May 23, 2025 — 5:56 pm
Comments: 8
This might be okay…
I started training my replacement today. I think she’s going to be okay. She’s no weasel, but I think she can do the job.
She really liked my chicken lamp. This is a good sign.
The plan is, she’ll do all the boring office stuff and I’ll swan around doing interesting history stuff.

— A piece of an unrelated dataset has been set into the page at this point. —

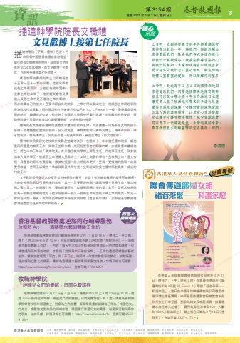 %u8cc7%u8a0a%u9999%u6e2f%u83ef%u4eba%u57fa%u7763%u6559%u806f%u6703 %u4e3b%u5e2d%uff1a%u937e%u5065%u6977%u7267%u5e2b%u3000%u526f%u4e3b%u5e2d%uff1a%u4f59%u82f1%u5dbd%u7267%u5e2b%u3000%u51fa%u7248%u90e8%u90e8%u9577%uff1a%u5433%u601d%u6e90%u5148%u751f%u3000%u51fa%u7248%u90e8%u9867%u554f%uff1a%u6881%u9298%u7267%u5e2b%u3000%u913a%u5049%u8861%u7267%u5e2b%u3000%u674e%u5fd7%u525b%u7267%u5e2b%u3000%u80e1%u660e%u6dfb%u7267%u5e2b%u3000%u690d%u6822%u71ca%u5148%u751f%u3000%u3000%u3000%u51fa%u7248%u90e8%u59d4%u54e1%uff1a%u674e%u70b3%u5149%u7267%u5e2b%u3000%u95dc%u92b3%u714a%u5148%u751f%u3000%u674e%u9d3b%u6a19%u7267%u5e2b%u3000%u5433%u6e2d%u6ff1%u5148%u751f%u3000%u9ec3%u6587%u6c5f%u5148%u751f%u3000%u8a31%u7acb%u4e2d%u5148%u751f%u3000%u7fc1%u50b3%u93d7%u7267%u5e2b%u3000%u5289%u570b%u5049%u7267%u5e2b%u3000%u5f35%u632f%u83ef%u7267%u5e2b%u3000%u8607%u6c38%u6b0a%u5148%u751f%u3000%u95dc%u93ae%u5a01%u7267%u5e2b%u7b2c 3154 %u671f %u4e3b%u66c6 2025 %u5e74 2 %u6708 2 %u65e5%uff08%u79ae%u62dc%u65e5%uff09 http://ChristianWeekly.net8%u4e0a%u5e1d%u554a%uff0c%u611f%u8b1d%u7962%u5f9e%u6b72%u9996%u5230%u5e74%u7d42%u90fd%u770b%u9867%u4fdd%u5b88%uff0c%u6c42%u7962%u5728%u9019%u65b0%u7684%u4e00%u5e74%uff0c%u8cdc%u6211%u5011%u4e00%u500b%u65b0%u7684%u958b%u59cb%uff0c%u6c42%u7962%u66f4%u65b0%u6211%u5011%uff0c%u9664%u53bb%u6211%u5011%u5404%u5f0f%u5404%u6a23%u7684%u7f6a%u884c%uff0c%u7d66%u6211%u5011%u4e00%u9846%u656c%u611b%u7962%u3001%u656c%u754f%u7962%u548c%u5c0b%u6c42%u7962%u7684%u5fc3%uff0c%u5c07%u6211%u5011%u5f9e%u7121%u77e5%u3001%u8ca7%u7aae%u548c%u75be%u75c5%u7576%u4e2d%u91cb%u653e%u51fa%u4f86%uff1b%u66f4%u6c42%u7962%u4fdd%u5b88%u6211%u5011%u53ef%u4ee5%u9748%u5de7%u50cf%u86c7%u3001%u99b4%u826f%u5982%u9d3f%uff0c%u8eab%u9ad4%u5fc3%u9748%u90fd%u9748%u6d3b%u5065%u58ef%uff0c%u5f97%u4ee5%u69ae%u8000%u7962%u7684%u8056%u540d%u3002%u4e0a%u5e1d%u554a%uff0c%u8d81%u6b64%u6bcf%u5e74 2 %u6708 2 %u65e5%u7684%u570b%u969b%u6fd5%u5730%u65e5%uff0c%u6c42%u7962%u5e6b%u52a9%u6211%u5011%u4e00%u540c%u97ff%u61c9%u570b%u969b%u6fd5%u5730%u4fdd%u80b2%u8da8%u52e2%uff0c%u4e26%u4e14%u53ef%u4ee5%u914d%u5408%u806f%u5408%u570b%u4eca%u5e74%u4e16%u754c%u6fd5%u5730%u65e5%u4e3b%u984c%uff0c%u8b93%u66f4%u591a%u4eba%u80fd%u4e86%u89e3%u6fd5%u5730%u6240%u5e36%u4f86%u7684%u591a%u6a23%u6027%u6548%u76ca%uff0c%u91cd%u8996%u5c0d%u6fd5%u5730%u7684%u4fdd%u8b77%uff0c%u5b88%u8b77%u73cd%u8cb4%u7684%u6fd5%u5730%u8cc7%u6e90%uff0c%u4fc3%u9032%u4eba%u985e%u7684%u9069%u5c45%u74b0%u5883%uff0c%u4ee5%u53ca%u8eab%u5fc3%u751f%u6d3b%u5065%u5eb7%uff0c%u5168%u6c11%u651c%u624b%u5b88%u8b77%u751f%u7269%u591a%u6a23%u6027%uff0c%u6e1b%u5c11%u8cc7%u6e90%u6d6a%u8cbb%uff0c%u53ef%u4ee5%u70ba%u4e0b%u4e00%u4ee3%u92ea%u5c31%u7da0%u8272%u3001%u6c38%u7e8c%u7684%u7f8e%u597d%u672a%u4f86%u3002%u5949%u9760%u6211%u5011%u6551%u4e3b%u8036%u7a4c%u57fa%u7763%u7684%u8056%u540d%u79b1%u544a%u3002%u963f%u5011%u3002%u674e%u9d3b%u6a19%u9999%u6e2f%u57fa%u7763%u6559%u670d%u52d9%u8655%u9006%u65c5%u540c%u884c%u8f14%u5c0e%u670d%u52d9%u653e%u9b06%u8212 Art %u2500%u2500%u9152%u7cbe%u58a8%u6c34%u85dd%u8853%u9ad4%u9a57%u5de5%u4f5c%u574a%u9999%u6e2f%u57fa%u7763%u6559%u670d%u52d9%u8655%u9006%u65c5%u540c%u884c%u8f14%u5c0e%u670d%u52d9%u5c07%u65bc 2 %u6708 11 %u65e5%u53ca 18 %u65e5%uff08%u79ae%u62dc%u4e8c%uff0c%u5171 2 %u7bc0%uff09%u665a%u4e0a 7 %u6642 30 %u5206%u81f3 9 %u6642 15 %u5206%uff0c%u65bc%u5c16%u6c99%u5634%u52a0%u9023%u5a01%u8001%u9053 33 %u865f%u8209%u8fa6%u300c%u653e%u9b06%u8212 Art %u2500%u2500%u9152%u7cbe%u58a8%u6c34%u85dd%u8853%u9ad4%u9a57%u5de5%u4f5c%u574a%u300d%u3002%u5167%u5bb9%uff1a%u6bcf%u5929%u751f%u6d3b%u548c%u5de5%u4f5c%u90fd%u8981%u597d%u597d%u7ba1%u7406%u81ea%u5df1%u7684%u6642%u9593%u548c%u60c5%u7dd2%uff0c%u4f46%u7e3d%u6703%u9047%u5230%u4e0d%u5982%u610f%u7684%u6642%u5019%uff0c%u624d%u767c%u73fe%u300c%u4e16%u754c%u539f%u4f86%u4e0d%u50cf%u4f60%u9810%u671f%u300d%u3002%u5de5%u4f5c%u574a%u900f%u904e%u9152%u7cbe%u58a8%u6c34%u85dd%u8853%u5275%u4f5c%uff0c%u8b93%u53c3%u52a0%u8005%u611f%u53d7%u300c%u53ef%u63a7%u300d%u8207%u300c%u4e0d%u53ef%u63a7%u300d%u7684%u540c%u6642%uff0c%u6b23%u8cde%u6d41%u52d5%u8272%u5f69%u7684%u8b8a%u5316%uff0c%u653e%u9b06%u6292%u58d3%uff0c%u85c9%u6b64%u5f97%u5230%u5fc3%u9748%u4e0a%u7684%u7642%u7652%u3002%u5c0e%u5e2b%u70ba%u9152%u7cbe%u58a8%u6c34%u85dd%u8853%u5c0e%u5e2b%u6881%u5f65%u8abc%u59d1%u5a18%uff0c%u8a73%u60c5%u53ca%u5831%u540d%u53ef%u700f%u89bd%uff1ahttps://www.hkcs.org/tc/services/nacs%uff0c%u67e5%u8a62%u53ef%u96fb 2731-6251%u3002%u7267%u8077%u795e%u5b78%u9662%u300c%u795e%u570b%u5152%u5973%u5011%u7684%u89ba%u9192%u300d%u65e5%u9593%u514d%u8cbb%u8ab2%u7a0b%u7267%u8077%u795e%u5b78%u9662%u5c07%u65bc 2 %u6708 13 %u65e5%u81f3 3 %u6708 6 %u65e5%uff08%u9022%u79ae%u62dc%u56db%uff09%u65e9%u4e0a 9 %u6642 30 %u5206%u81f3 11 %u6642%uff0c%u900f%u904e Zoom %u61c9%u7528%u7a0b%u5f0f%u8209%u8fa6%u300c%u795e%u570b%u5152%u5973%u5011%u7684%u89ba%u9192%u300d%u65e5%u9593%u514d%u8cbb%u8ab2%u7a0b%uff0c%u5171 4 %u5802%uff0c%u8b1b%u54e1%u70ba%u7267%u8077%u795e%u5b78%u9662%u69ae%u8b7d%u6821%u7267%u674e%u7a4e%u84ee%u6559%u58eb%u3002%u5c0d%u8c61%u70ba%u4e3b%u5167%u80a2%u9ad4%uff0c%u5e6b%u52a9%u5b78%u54e1%u91cd%u65b0%u8a8d%u8b58%u81ea%u5df1%u4f5c%u70ba%u300c%u795e%u570b%u5152%u5973%u300d%u7684%u8eab%u5206%uff0c%u559a%u9192%u4fe1%u5f92%u5c0d%u6551%u6069%u7684%u6df1%u523b%u73cd%u60dc%uff0c%u7a4d%u6975%u5c65%u884c%u795e%u570b%u5152%u5973%u7684%u8077%u4e8b%uff0c%u4ee5%u611b%u8207%u884c%u52d5%u56de%u61c9%u795e%u7684%u6069%u5178%u3002%u81ea%u7531%u5949%u737b%uff0c%u8a73%u60c5%u53ca%u5831%u540d%u53ef%u700f%u89bd%uff1a http://www.hkcmi.edu/te%uff0c%u67e5%u8a62%u53ef%u96fb 2652-9133%u3002%u6559%u6703%u53ca%u6a5f%u69cb%u77ed%u8a0a%u8aa0%u5fc3 %u64ad%u9053%u795e%u5b78%u9662%u9662%u9577%u4ea4%u8077%u79ae %u6240%u9858%u6587%u898b%u6b61%u535a%u58eb%u63a5%u7b2c%u4e03%u4efb%u9662%u9577%u64ad%u9053%u795e%u5b78%u9662%uff08%u4e0b%u7a31%uff1a%u64ad%u795e%uff09%u5df2%u65bc 1 %u670819%u65e5%u5047%u4e2d%u570b%u57fa%u7763%u6559%u64ad%u9053%u6703%u6e2f%u798f%u5802%uff0c%u8209%u884c%u9662%u9577%u4ea4%u8077%u79ae%u611f%u6069%u5d07%u62dc%u300

The downside? Once she’s trained, I have to do the interesting history stuff for free.
May 22, 2025 — 6:06 pm
Comments: 3
Stay away from the brown acid
I needed to find out the earliest printed reference to a certain building in the town, for work. Naturally, I asked Grok. It gave me an absolutely perfect quote from a well-known early local history book. Alas, it was a complete hallucination.
I know this because I have a digital version of the book and had already searched it for all the right keywords.
I told Uncle B and he said, “you should tell Grok it’s lying.” So I did. It apologized and gave me a genuine quote – one that I had already found for myself – that wasn’t so helpful.
It lied to please me.
Computer scientists really do call it hallucination when AI pulls information out of its butt. It’s not only a problem, it’s an increasing problem as the models get more complex.
Recent studies and reports indicate that AI hallucinations are becoming more prevalent, especially in advanced reasoning models. OpenAI’s o3 and o4-mini models, which are designed to reason step-by-step, have been found to hallucinate at rates between 30% and 79% of the time. Similarly, other reasoning models from companies like DeepSeek and IBM have also shown higher hallucination rates compared to their earlier versions.
Why, yes, I did get that answer from AI (Leo, the one built into Brave, in this instance).
This is why lawyers who use AI keep getting into trouble – AI fabricates cases. According to this tweet, the Chicago Sun-Times published a Summer reading list that was obviously AI – eight of the books on the list don’t exist.
It’s all well and good with these examples, but what happens when it’s analyzing x-rays?
May 21, 2025 — 4:02 pm
Comments: 5
Fatcat on the loose
Our cat has been AWOL for about twenty hours. Not really a big deal, except our cat is a big fat pudding and rarely strays far from his bowl. He vanishes maybe twice a year, and then he’ll saunter past the kitchen window like nothin’ at all.
Man, I can’t imagine what it’s like to have kids.
Prompt was “an editorial cartoon of a very fat black and white domestic cat with his back against a tree as though he’s hiding from someone, in the style of Thomas Nast”. Not terrible. There were several amusing variants.
———
Update: he’s home. Little bastard.
May 20, 2025 — 5:16 pm
Comments: 5
This ugly little church
…has got a complete scale model of the Sistine Chapel ceiling inside.
It was painted by a parishioner in the Eighties. I would love to know his working methods. Looking at this drone footage, it’s not a terrible copy.
Who am I to judge? My hometown had a big pink and yellow cement replica of The Parthenon. It was a favorite stoner spot, back in the day.